AI instructions are becoming operational knowledge. They’re behavioral contracts that shape how your tools work on your behalf. Right now, the ecosystem treats them as throwaway prompt fragments. Drop a file in a folder. Maybe version control it, maybe not. No dependency resolution, no activation layers, no way to compose, override, or audit.
The pattern is familiar. Source files scattered across directories, manually copied between projects, no manifest, no lockfile, no supply chain. We’ve already solved this problem for code, for dependencies, for configuration. Skill files are next in line.
It turns out that SKILL.md files aren’t just instructions. They’re a supply chain. And supply chains, once you see them, demand the same lifecycle rigor as everything else you ship.
The tool is called loadout. But the pattern is bigger than any one tool. Wherever you’re storing AI instructions right now, ask yourself whether they’re getting the lifecycle treatment they deserve. If the answer involves the phrase “I just copy the file,” you already know what happens next.

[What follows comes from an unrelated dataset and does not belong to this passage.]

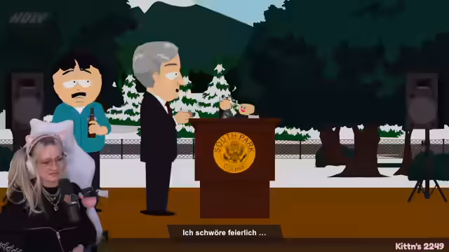 08:47:36In der Endphase des Kampfes konfrontiert Eric Cartman die 'Freedom Pals' mit seinem gänzlich verrückten Plan. Er will die Handelskammer benutzen, um als Bürgermeister zu kandidieren und die Verbrechensrate hochzutreiben, um so die Stadt zu 'retten'. Sein Masterplan ist es, durch die Wahl zum Bürgermeister zu kommen, eine Armee aus mutierten Katzen und Sechstklässlern zu befehligen und so für 'ewiges Weihnachten' zu sorgen. Nach einem letzten erbitterten Kampf und dem Stoppen des Hauptprozessors gelingt es dem Streamer und den 'Freedom Pals' jedoch, Cartmans Plan zu vereiteln und die Situation wieder unter Kontrolle zu bringen.

Update, March 2026: loadout is no longer actively maintained. I’ve switched to sk, which covers the same ground — symlinks, multi-agent fan-out, declarative manifests — and adds remote installation from git repos, state reconciliation, and broader agent support on top. It doesn’t do the analysis loadout does, but I never found a real-world use for that anyway. Had I known about sk when I started, I probably wouldn’t have built loadout in the first place. The supply chain framing still stands. The three-layer separation still matters. The tool that taught me that just isn’t the one I use anymore.